EXERCISE DETAILS:
Exclude the pictures and repeat all of the data exactly.

SUPPLIED MATERIAL START

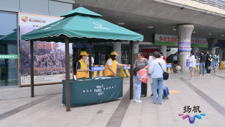 國慶長假期間,為營造文明旅游的良好環(huán)境,讓來揚(yáng)游客體驗優(yōu)質(zhì)旅游服務(wù),揚(yáng)州旅游集散中心成立志愿服務(wù)小隊,積極開展旅游志愿服務(wù)活動,分別在揚(yáng)州火車站出站口、高鐵站出站口設(shè)立“微笑揚(yáng)州”服務(wù)窗口,為下車的游客提供線路指引、旅游咨詢等服務(wù)。
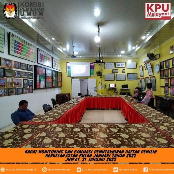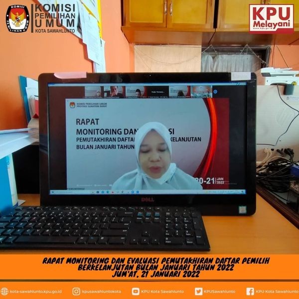 KPU Kota Sawahlunto ikuti Monitoring Evaluasi (Monev) DPB (Data Pemilih Berkelanjutan) bulan Januari Tahun 2022 pada Kamis-Jumat, 20-21/1. Kegiatan dimulai pukul 09.00 WIB - selesai.
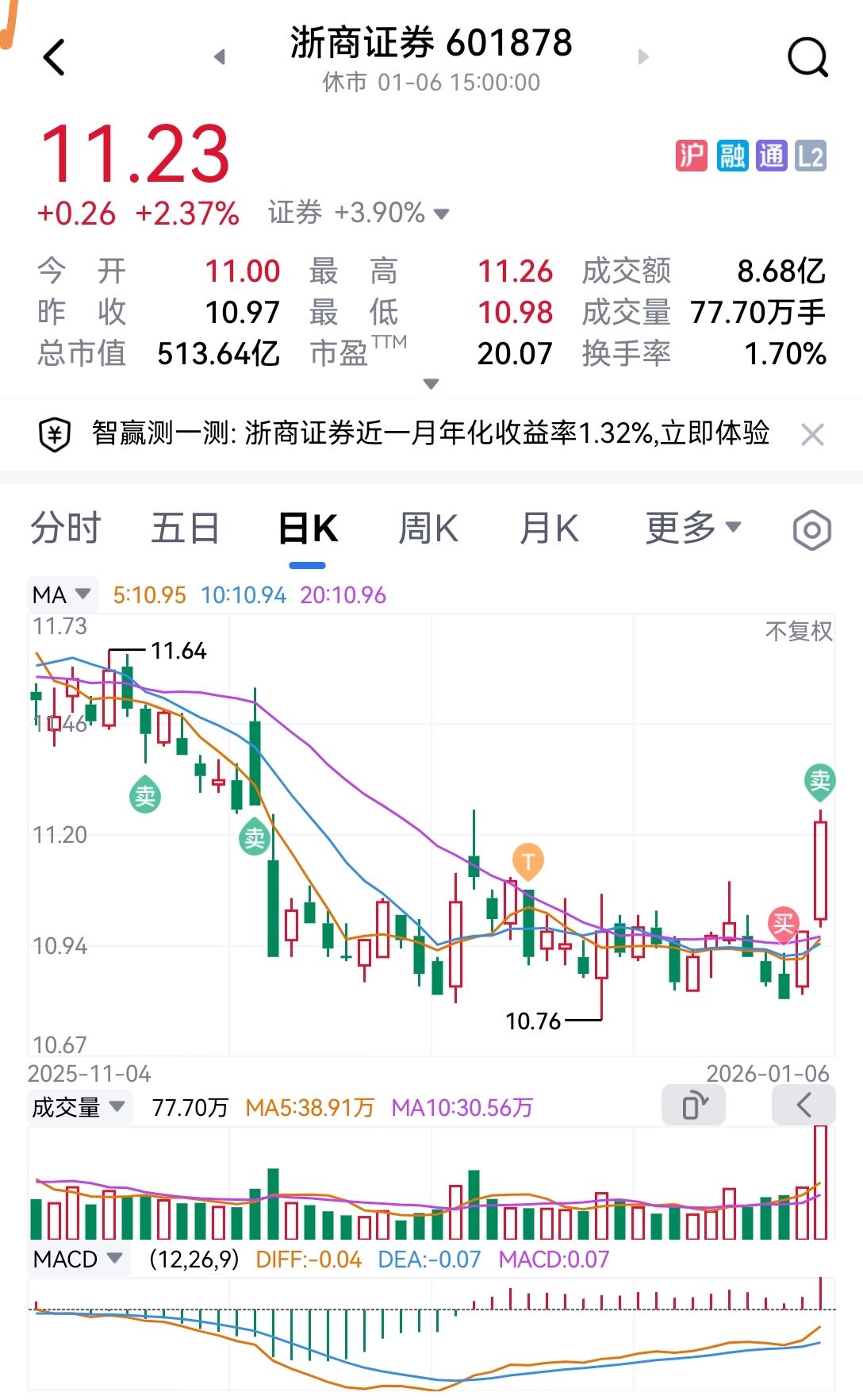 $浙商证券(SH601878)$ 放量又怎样,走你的,底仓陪你玩。25年亏损最大的票。26年再也不格局你,我记仇。

SUPPLIED MATERIAL END

ANSWER TO THE PROBLEM:
 國慶長假期間,為營造文明旅游的良好環(huán)境,讓來揚(yáng)游客體驗優(yōu)質(zhì)旅游服務(wù),揚(yáng)州旅游集散中心成立志愿服務(wù)小隊,積極開展旅游志愿服務(wù)活動,分別在揚(yáng)州火車站出站口、高鐵站出站口設(shè)立“微笑揚(yáng)州”服務(wù)窗口,為下車的游客提供線路指引、旅游咨詢等服務(wù)。
 KPU Kota Sawahlunto ikuti Monitoring Evaluasi (Monev) DPB (Data Pemilih Berkelanjutan) bulan Januari Tahun 2022 pada Kamis-Jumat, 20-21/1. Kegiatan dimulai pukul 09.00 WIB - selesai.
 $浙商证券(SH601878)$ 放量又怎样,走你的,底仓陪你玩。25年亏损最大的票。26年再也不格局你,我记仇。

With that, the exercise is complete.